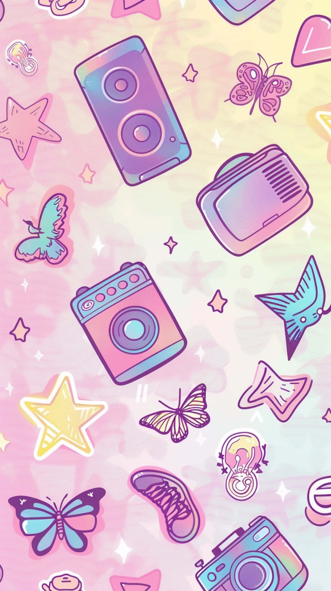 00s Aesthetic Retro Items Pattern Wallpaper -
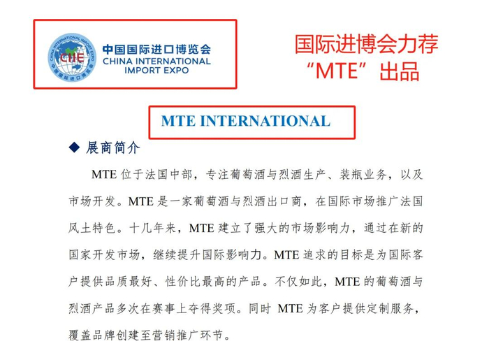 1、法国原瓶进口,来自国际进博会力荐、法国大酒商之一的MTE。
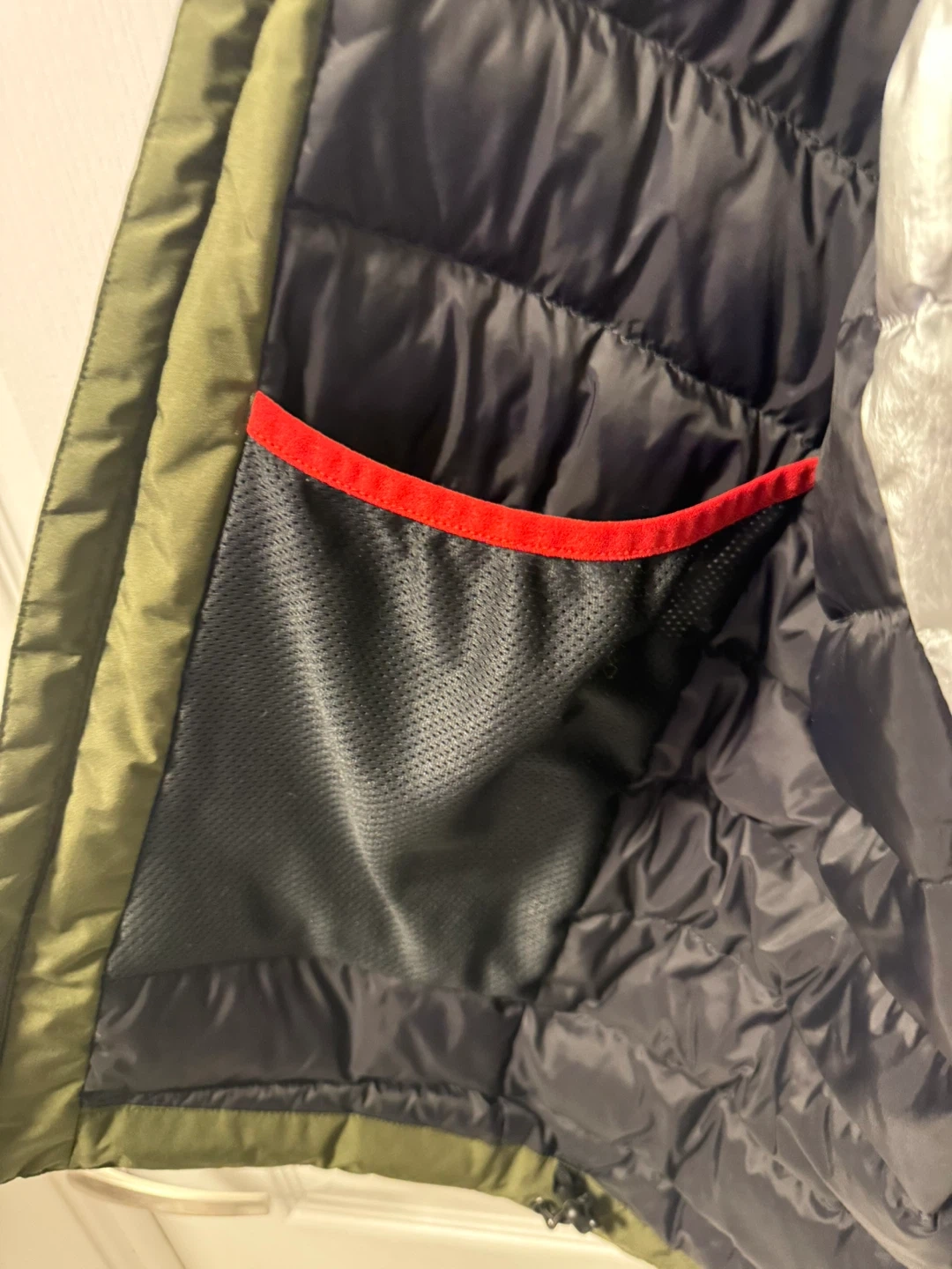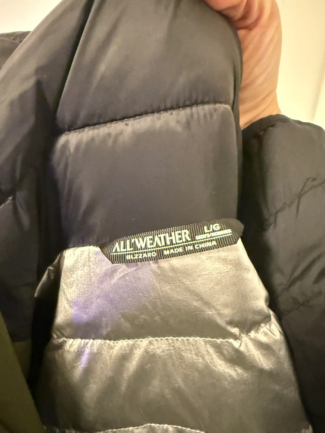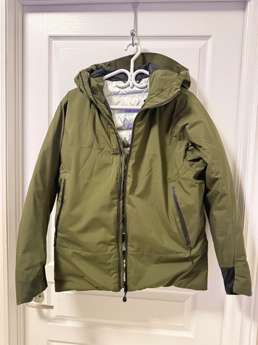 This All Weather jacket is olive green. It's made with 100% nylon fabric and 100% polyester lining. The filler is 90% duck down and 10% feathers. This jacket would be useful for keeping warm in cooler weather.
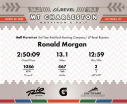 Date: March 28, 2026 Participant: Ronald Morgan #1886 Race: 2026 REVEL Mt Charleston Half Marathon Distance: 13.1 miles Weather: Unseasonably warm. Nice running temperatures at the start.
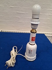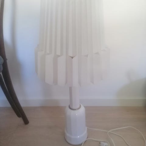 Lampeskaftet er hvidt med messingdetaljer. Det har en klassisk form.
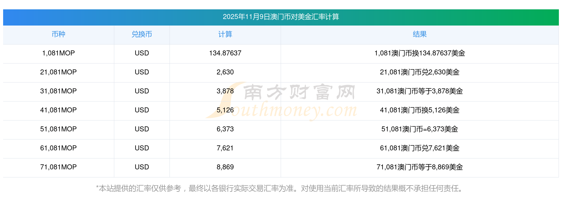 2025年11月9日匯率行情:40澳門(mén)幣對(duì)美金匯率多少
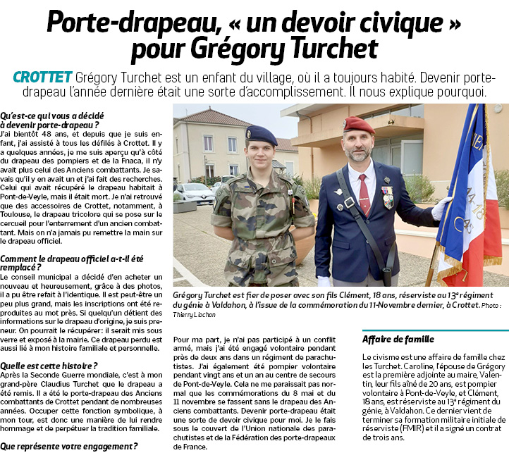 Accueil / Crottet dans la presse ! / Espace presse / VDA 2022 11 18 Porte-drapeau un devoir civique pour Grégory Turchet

=-=-=

● What to do:
Write out every entry above exactly, minus the pictures.

● Result for this exercise:
 00s Aesthetic Retro Items Pattern Wallpaper -
 1、法国原瓶进口,来自国际进博会力荐、法国大酒商之一的MTE。
 This All Weather jacket is olive green. It's made with 100% nylon fabric and 100% polyester lining. The filler is 90% duck down and 10% feathers. This jacket would be useful for keeping warm in cooler weather.
 Date: March 28, 2026 Participant: Ronald Morgan #1886 Race: 2026 REVEL Mt Charleston Half Marathon Distance: 13.1 miles Weather: Unseasonably warm. Nice running temperatures at the start.
 Lampeskaftet er hvidt med messingdetaljer. Det har en klassisk form.
 2025年11月9日匯率行情:40澳門(mén)幣對(duì)美金匯率多少
 Accueil / Crottet dans la presse ! / Espace presse / VDA 2022 11 18 Porte-drapeau un devoir civique pour Grégory Turchet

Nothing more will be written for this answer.